Nota critica di Marco Furia
Verso liquide equazioni
Con “Nel biancore mattino”, Roberto Fassina presenta una concisa composizione in cui a immagini d’ “alba”, accompagnate da riflessioni repentine, ricche di enigmatica pregnanza, seguono vere e proprie asserzioni a proposito dell’ umano esistere: “cenere di stelle / fummo senza colpa”, “(incognite lievi / perdute nel tempo)”.
Questa sorta di cosmogonia, proposta in maniera asciutta e perentoria, mi pare riferirsi, gettandovi luce, alla “mia afasica nuvola mia”: l’ origine, polvere astrale illuminata da chissà quale sole, è “afasica”, non parla, al contrario
dell’ uomo in genere, nonché dello stesso poeta in particolare.
Come conciliare questi due aspetti?
Sembra che a Fassina tale questione non interessi poi tanto: egli insiste su uno stato di fatto e non va oltre.

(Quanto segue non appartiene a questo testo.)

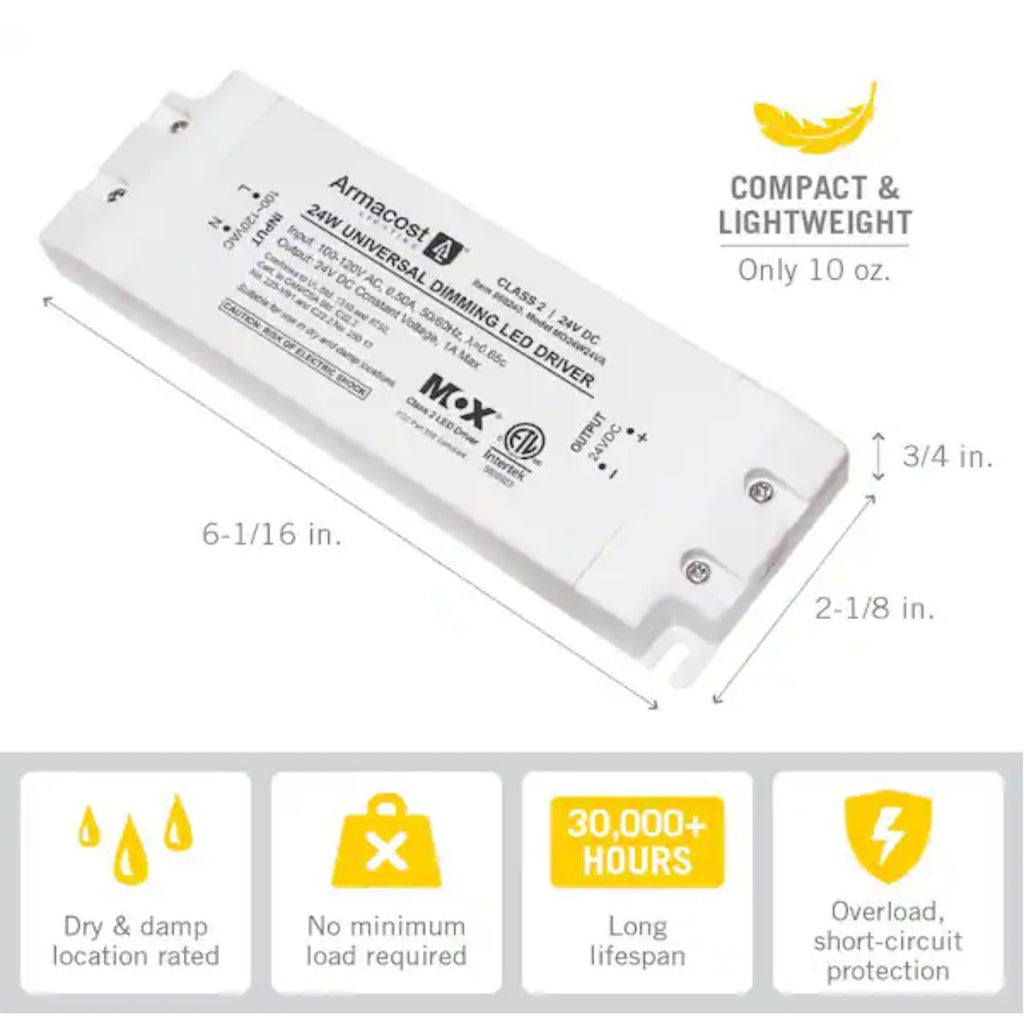 The Armacost Lighting 24-Watt Universal Dimming LED Transformer Driver is a compact and lightweight device that provides a consistent 24-volt DC output for LED lighting. With a wattage of 24W and a voltage output of 24V, this transformer is designed for use with a variety of LED lights. The dimmable feature allows for customizable brightness levels, while the constant voltage driver type ensures stable performance. This product is ideal for home and garden lighting setups, providing a reliable and energy-efficient solution for illuminating outdoor spaces.

Si sofferma soltanto su quanto ritiene evidente: lo stupore di siffatta presa d’ atto assorbe ogni altra esigenza espressiva.

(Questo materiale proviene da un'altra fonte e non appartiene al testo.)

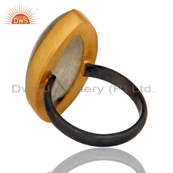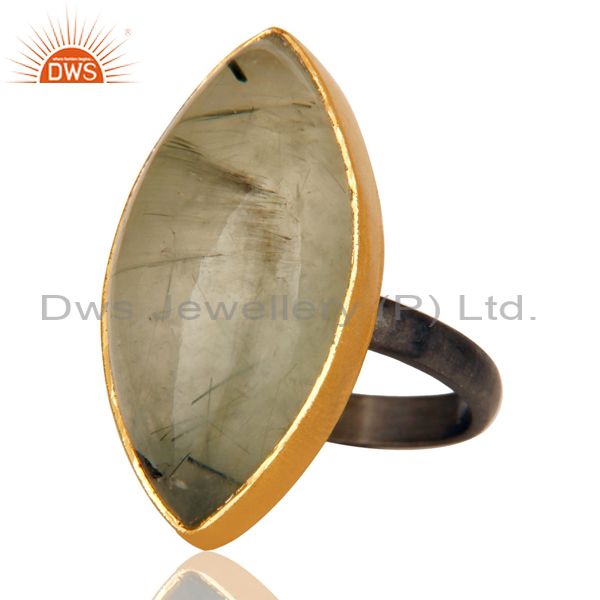 18K Gold Plated & Black Oxidized Sterling Silver Natural Prehnite Unique Ring

Ma, credo, non ci troviamo di fronte a un punto di arrivo.
Non si tratta, ovviamente, qui, di discutere sulla liceità scientifica (o storica) dell’ assunto, interessa, invece, la presenza di tensioni interne alla scrittura dalle quali traspare una partecipazione affettiva ancora tutta disponibile a mostrarsi nel corso d’ itinerari poetici in grado di aggiungere ulteriori fisionomie a certe precise, lucide, scansioni, a certe originali immagini.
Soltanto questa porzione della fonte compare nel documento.